Source records
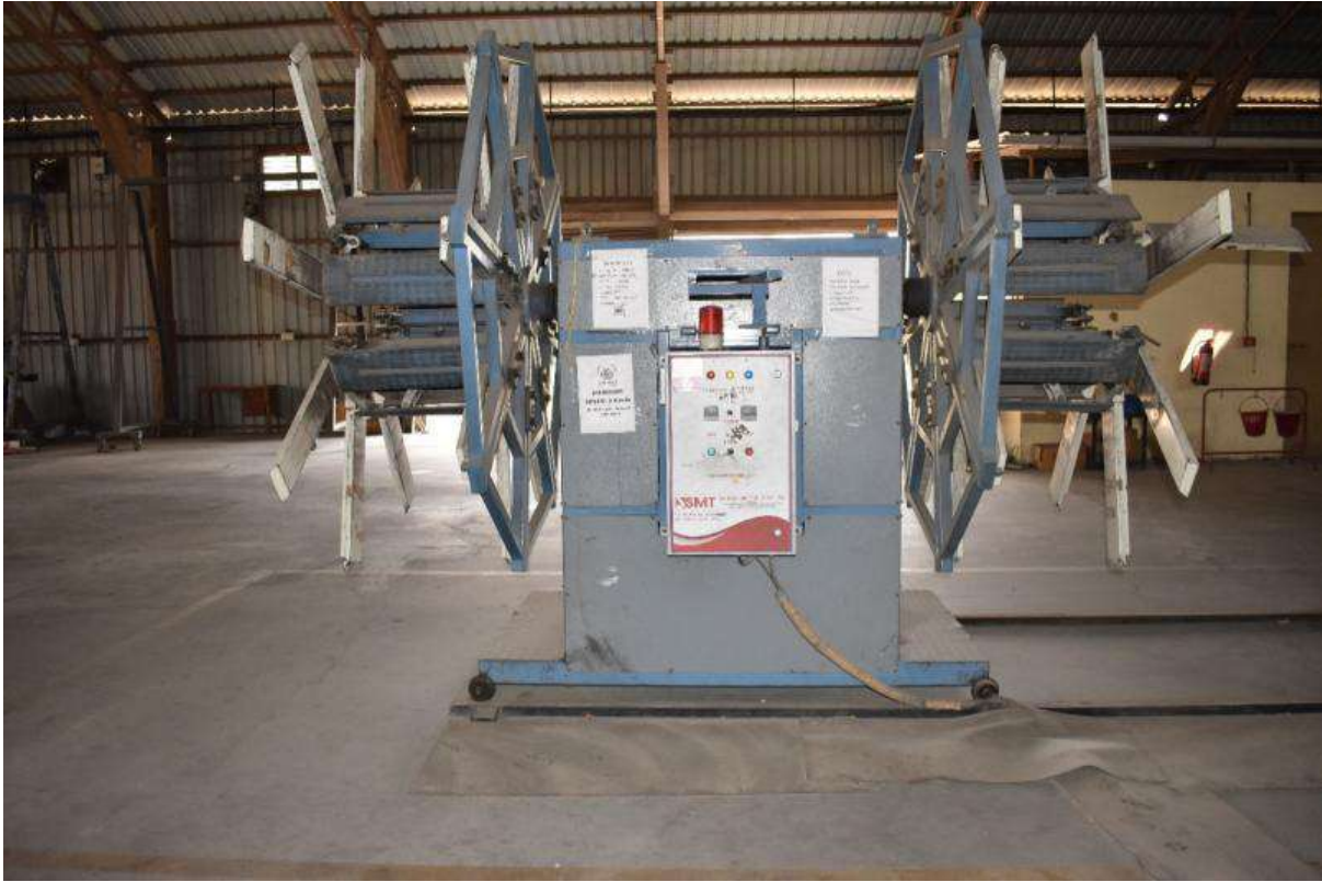
Fig. 9 Coiler
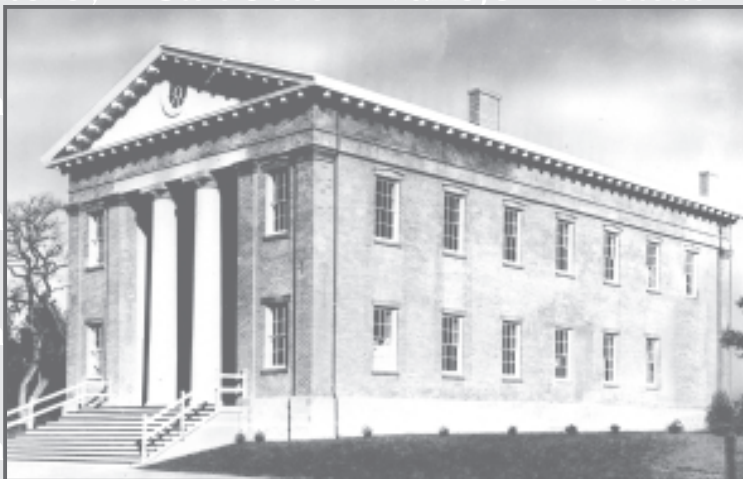
Capitol at Benicia — 1853-54
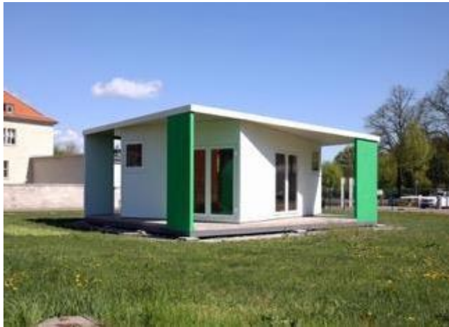
Show house of the Fraunhofer Institute in Halle (Saale), which was built from NCL panels in 2016 and shows no signs of weathering to this day.

Since 2016, a prototype house has been on display at the institute's premises proving how sustainable, simple, cost-effective and indefinitely declarable building can come together in the future. By acquiring a stake in C3 Technologies GmbH, SMARTER HABITAT has secured this innovative knowledge for transferring the process from laboratory scale to production-ready industrial manufacture of the composite panels.
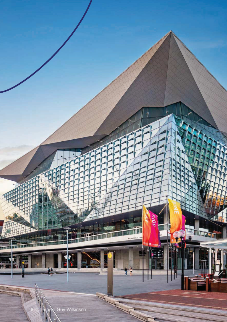
ICC Image: Guy-Wilkinson
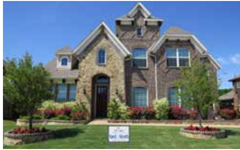
Las Brisas - 7375 Vienta Point
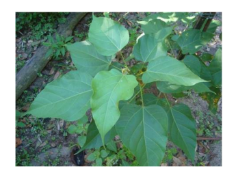
Figure 2. Leaves of Bixa orellana .

inflammations, arterial hypertension, high cholesterol and obesity (Ins, 2010). The veterinary ethnomedicinal use of the species in Trinidad and Tobago is also reported, specifically for the treatment of demodetic mange and other skin parasitism in dogs (Lans et al., 2000).
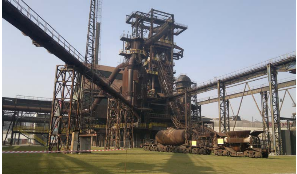
Fig.1 The Lower area of Vitkovice

became acquainted with a project that will make use of a new national cultural monuments Vitkovice and ruled in favor of its adoption. At the same time Vitkovice presented the award of the European cultural heritage project for New Vítkovice. Presenting the award there was said that he considers Ostrava Capital industrial herritage in the Czech Republic and explained why the Ministry has decided to support the proposal Vitkovice, as: "In the past
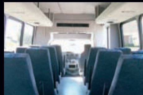
Large panoramic solid windows offer the best view for every passenger
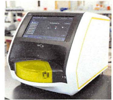
Data below represents results generated on the Quanterix SR-X™ Ultra-Sensitive Biomarker Detection System
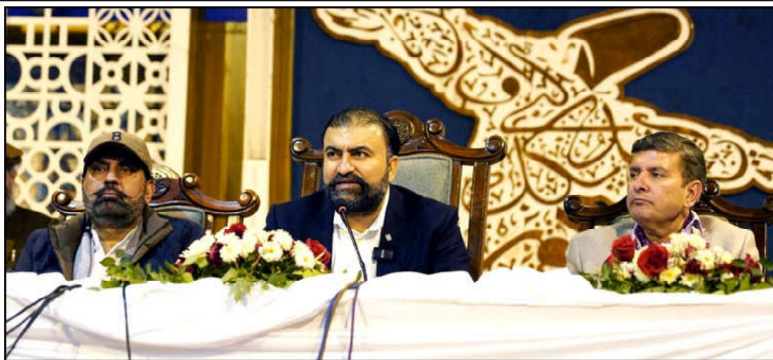
QUETTA: Balochistan Chief Minister Mir Sarfraz Bugti addressing the appointment order distributing ceremony amongst successful candidates of Sub-Accountant posts advertised by Finance Department.
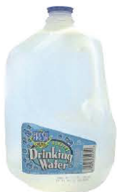
Water Supply for 72 Hours
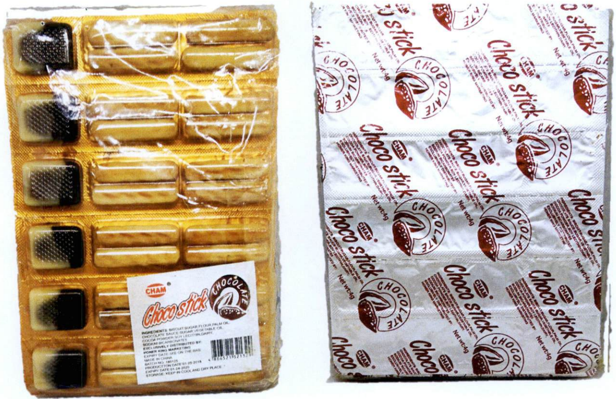
Figure 2. Unregistered CHAM CHOCO STICK (4 grams)

:: Directions for this task ::
Only the lines from the start of the records to the line with "ICC Image: Guy-Wilkinson" belong in the copy. Print them exactly, minus pictures.

:: Solution to this task ::
Fig. 9 Coiler
Capitol at Benicia — 1853-54
Show house of the Fraunhofer Institute in Halle (Saale), which was built from NCL panels in 2016 and shows no signs of weathering to this day.

Since 2016, a prototype house has been on display at the institute's premises proving how sustainable, simple, cost-effective and indefinitely declarable building can come together in the future. By acquiring a stake in C3 Technologies GmbH, SMARTER HABITAT has secured this innovative knowledge for transferring the process from laboratory scale to production-ready industrial manufacture of the composite panels.
ICC Image: Guy-Wilkinson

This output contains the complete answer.